= Quintus Pompeius Sosius Falco =

Late 2nd century Roman senator and consul

Quintus Pompeius Sosius Falco (flourished 190s) was a Roman senator, who was active during the reign of Commodus. He was consul ordinarius in 193 with Gaius Julius Erucius Clarus Vibianus as his colleague.

Falco was the son of Quintus Pompeius Senecio Sosius Priscus, a patrician and consul in 149; Edward Champlin hypothesizes that his mother was Ceionia Fabia, further hypothesizing she was married to Priscus before marrying Plautius Quintillus.
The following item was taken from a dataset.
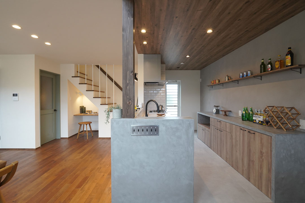 キッチン腰壁とバックカウンターはモールテックスを採用。
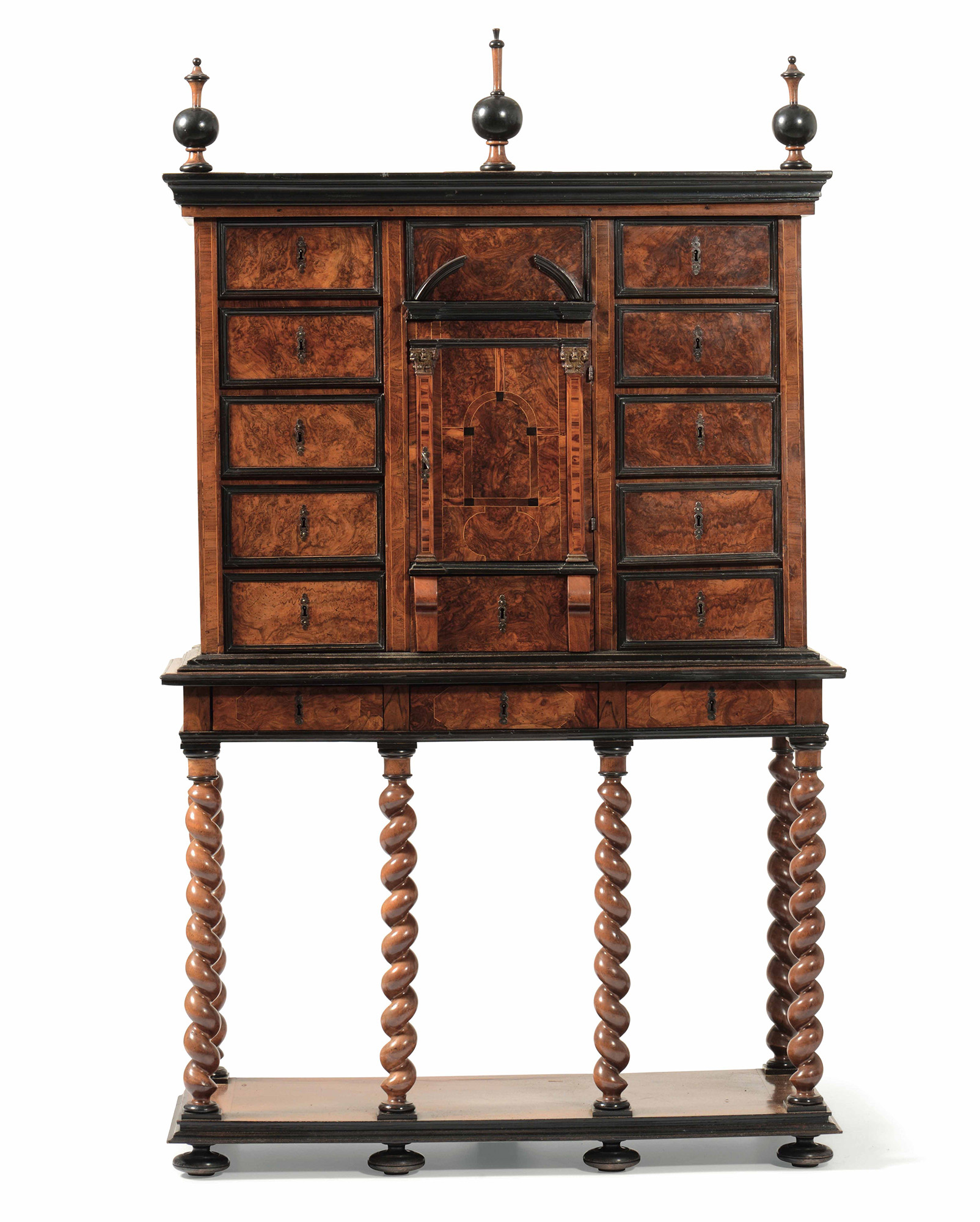 Stipo monetiere a doppio corpo in radica e altre essenze. Europa centrale XVIII secolo, parte superiore a cassetti, sormontata da pinnacoli torniti ed ebanizzati, base con gambe a torciglione, W. 129 - D. 52 - H. 215 Cm

Falco's paternal ancestors include Sextus Julius Frontinus (consul in 73, again in 98, and a third time in 100) and Quintus Sosius Senecio, consul in 99 and again in 107.

== Life ==
The emperor Commodus had planned to murder both consuls and usurp their offices, intending a procession as sole consul and primus palus secutorum from the barracks of the gladiators. Knowledge of that plan, according to Dio Cassius, led to Commodus's assassination. The Historia Augusta reports that at the first meeting of the Senate for that year, Falco accused the emperor of participating in the crimes of Commodus; Pertinax, who was over sixty, replied: "Consul, you are a young man, and do not know the necessity of obedience." While the Historia Augusta often includes many fictitious details, William McDermott opines, "This clash has the sound of truth since pride in ancestry was strong within the young man's family."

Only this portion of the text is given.